21 Octobre : La voie des Maoris
- Même si nous sommes pressés de quitter la ville, il nous
faut toutefois faire quelques courses et les centres commerciaux sont nombreux
autour de Wellington. La route est dans un premier temps sans intérêt et il
souffle un vent à défriser un mouton,
le van tangue, c’est assez désagréable.
Vers 13h nous faisons une halte repas au bord du Lac
Popaitonga à proximité de la ville de Levin, en compagnie des canards, des
oies, des cygnes noirs et de nombreux autres oiseaux.
- Le vent est toujours aussi agressif mais les paysages
traversés sont maintenant plus variés, très verdoyants et vallonnés avec ces
petites bosses vertes de partout. L’étape du jour est Whanganui où se trouve la
seule rivière entièrement navigable de Nouvelle Zélande avec de nombreux
circuits en kayak possibles.
- Au Visitor center, une employée parlant un bon Français,
fait rare pour être souligné, nous donne les informations détaillées qu'on
attendait et dans la foulée nous réservons notre navigation pour le lendemain à
50 km de là.
- Nous longeons la Wanganui River (le Rhin du Pacific sud
suivant certains) sous un beau soleil et sans un brin de vent. Les arrêts
conseillés sont superbes malgré une rive très endommagée la semaine précédente
par les intempéries qui ont fait monter le niveau de la rivière de 15mètres. La
route est par endroit encore recouverte de boue, une telle montée des eaux ne
s’était pas vue depuis 30 ans.
Un premier viewpoint nous permet de bien visualiser le lit
de la rivière et ses abords.
- Nous nous arrêterons ensuite à ’Koriniti Marae’ un tout
petit village Maori qu'ils n'habitent plus mais conservé comme un lieu de
rassemblement dans un magnifique emplacement calme et serein.
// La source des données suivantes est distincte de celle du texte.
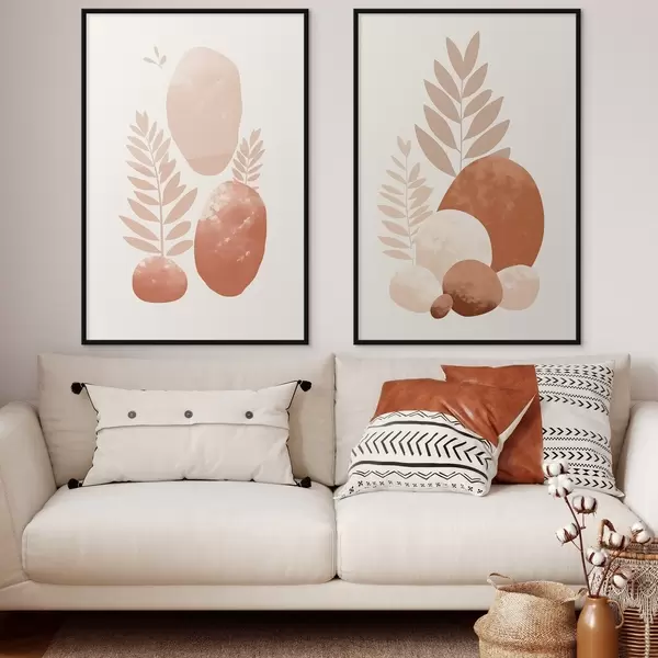 Poster Formes abstraites, pierres texturées et feuilles dans des tons pêche et terre cuite discrets, minimalistes, fond crème. Nr d01114

- Quelques kilomètres plus tard nous découvrons sur un
promontoire, une église et un couvent, le lieu se nomme ‘Jérusalem’, il a été
fondé par une missionnaire sœur Marie-joseph Aubert, sa canonisation a été demandée
et c’est le cardinal de Lyon qui se charge de cette démarche. Voir ce clocher
d'église identique à ceux de chez nous dans ce coin perdu au bout du monde et
tout ce qui y est associé est étonnant.
- Nous ne sommes que 2 campervan à passer la nuit à Pipiriki
dans le campground des organisateurs du parcours prévu demain. Accueil et cadre
très sympathique, ici pas d’électricité ni d’eau courante, que de l’eau de
pluie. Joséphine la propriétaire et gérante est maori, son mari est pakéha (les
européens en maori) dont la famille est installée ici depuis longtemps. Elle
est très affable et nous propose les différentes
options de la balade en canoé. Beaucoup de belles images encore avant de fermer
les yeux dans ce coin si paisible et sauvage.